The ChatPanel Component

This is the most important component of all as it handles the core chat functionality of the app. It consists of three parts:

Chat Header

It displays the app name/label apart from some global buttons for clearing chats, dark mode toggling and for showing the settings drawer on mobile devices

<template>
  <div class="flex items-center justify-between p-4">
    <div class="flex items-center gap-x-4">
      <h2 class="text-xl md:text-2xl text-primary font-bold">Hub Chat</h2>
      <UTooltip text="Clear chat">
        <UButton
          color="gray"
          icon="i-heroicons-trash"
          size="xs"
          :disabled="clearDisabled"
          @click="$emit('clear')"
        />
      </UTooltip>
    </div>
    <div class="flex items-center gap-x-4">
      <ColorMode />
      <UButton
        icon="i-heroicons-cog-6-tooth"
        color="gray"
        variant="ghost"
        class="md:hidden"
        @click="$emit('showDrawer')"
      />
    </div>
  </div>
</template>

<script setup lang="ts">
defineEmits(['clear', 'showDrawer']);

defineProps({
  clearDisabled: {
    type: Boolean,
    default: true,
  },
});
</script>

Chats Container

For parsing and displaying the chat messages. It also shows a message loading skeleton when streaming is off, as well as a NoChats placeholder when needed.

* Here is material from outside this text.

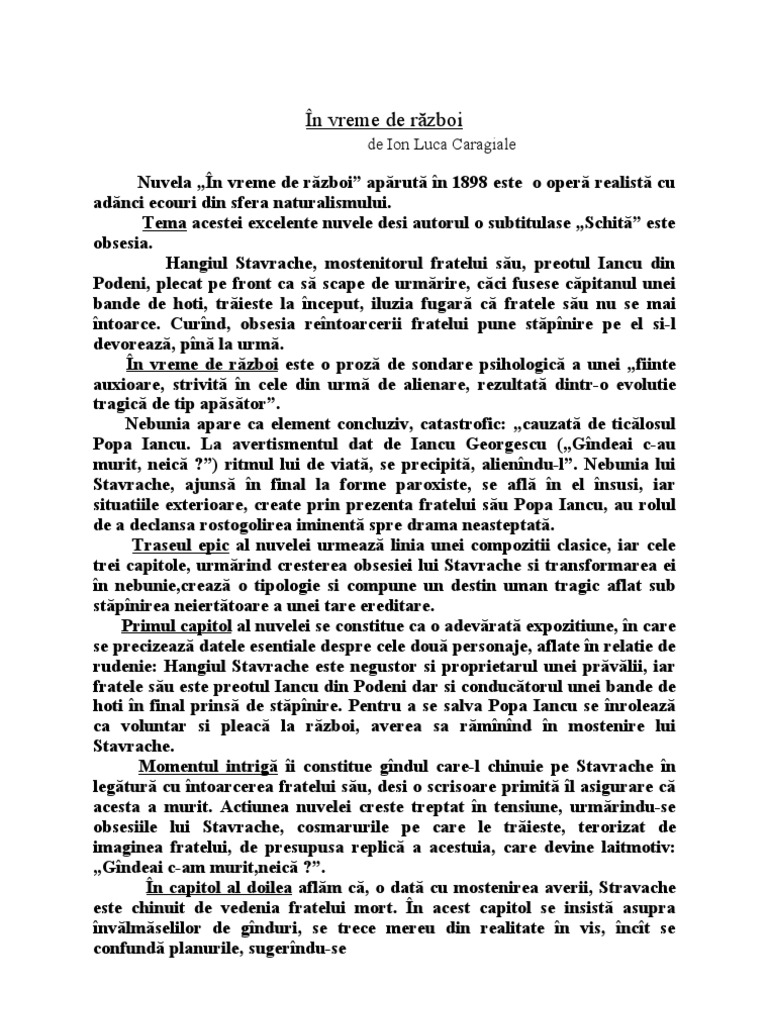In Vreme De Razboi De I L Caragiale Nuvela Psihologica D4pqw590ernp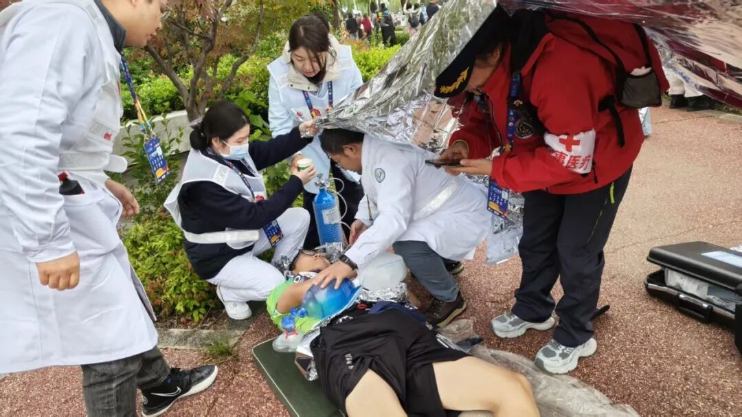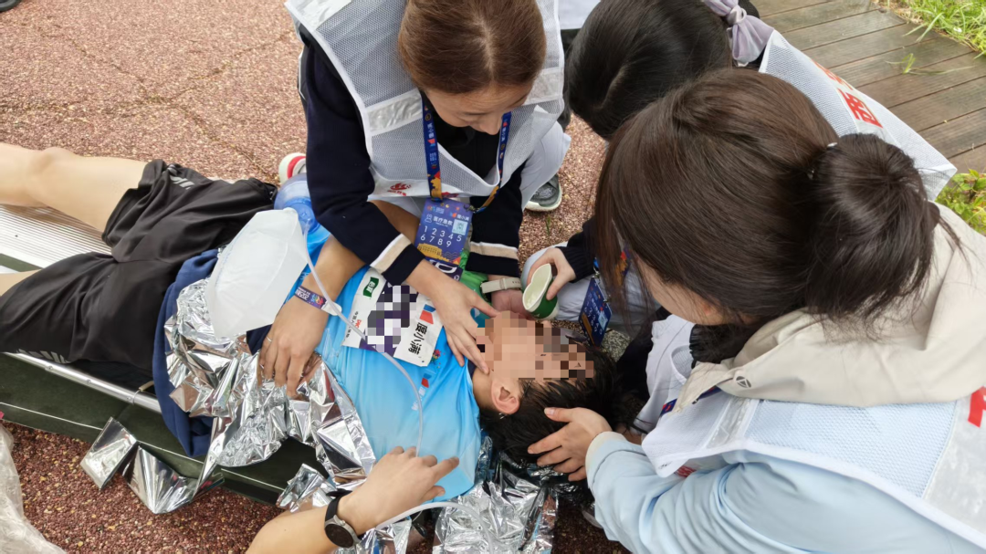 9点15分左右,距离医疗站不远处,一名选手突然晕倒在地,还伴有恶心、双下肢小腿抽搐的症状,好在意识尚清醒。正在医疗站值守的医生周锐、张小强,护士李辉、张乐、朱青听到指令后,即刻响应,迅速抵达现场。经初步评估患者状况,立即采用担架将其安全转运至路边避开赛道;随后,医护人员为他裹上保温毯防止体温下降,给予口服补液盐补充流失的电解质及水分,通过吸氧装置改善机体缺氧状态,并对双下肢进行按摩处理以促进血液循环、缓解肌肉紧张。整个救援过程规范高效,确保患者得到及时有效的初步医疗支持后,将他转送至救护车上接受进一步治疗。

<div ref="chatContainer" class="flex-1 overflow-y-auto p-4 space-y-5">
  <div
    v-for="(message, index) in chatHistory"
    :key="`message-${index}`"
    class="flex items-start gap-x-4"
  >
    <div
      class="w-12 h-12 p-2 rounded-full"
      :class="`${
        message.role === 'user' ? 'bg-primary/20' : 'bg-blue-500/20'
      }`"
    >
      <UIcon
        :name="`${
          message.role === 'user'
            ? 'i-mdi-user'
            : 'i-heroicons-sparkles-solid'
        }`"
        class="w-8 h-8"
        :class="`${
          message.role === 'user' ? 'text-primary-400' : 'text-blue-400'
        }`"
      />
    </div>
    <div v-if="message.role === 'user'">
      {{ message.content }}
    </div>
    <AssistantMessage v-else :content="message.content" />
  </div>
  <ChatLoadingSkeleton v-if="loading === 'message'" />
  <NoChats v-if="chatHistory.length === 0" class="h-full" />
</div>

To keep the user informed of the progress, we show a message loading skeleton when streaming is off. To do this we utilize a loading variable which can have three states: idle, message & stream. So when a non-streaming request is made we set the ref to message and the loading skeleton is shown.

User Message Textbox

For entering user message. It shows up as a single line textarea that resizes automatically when needed.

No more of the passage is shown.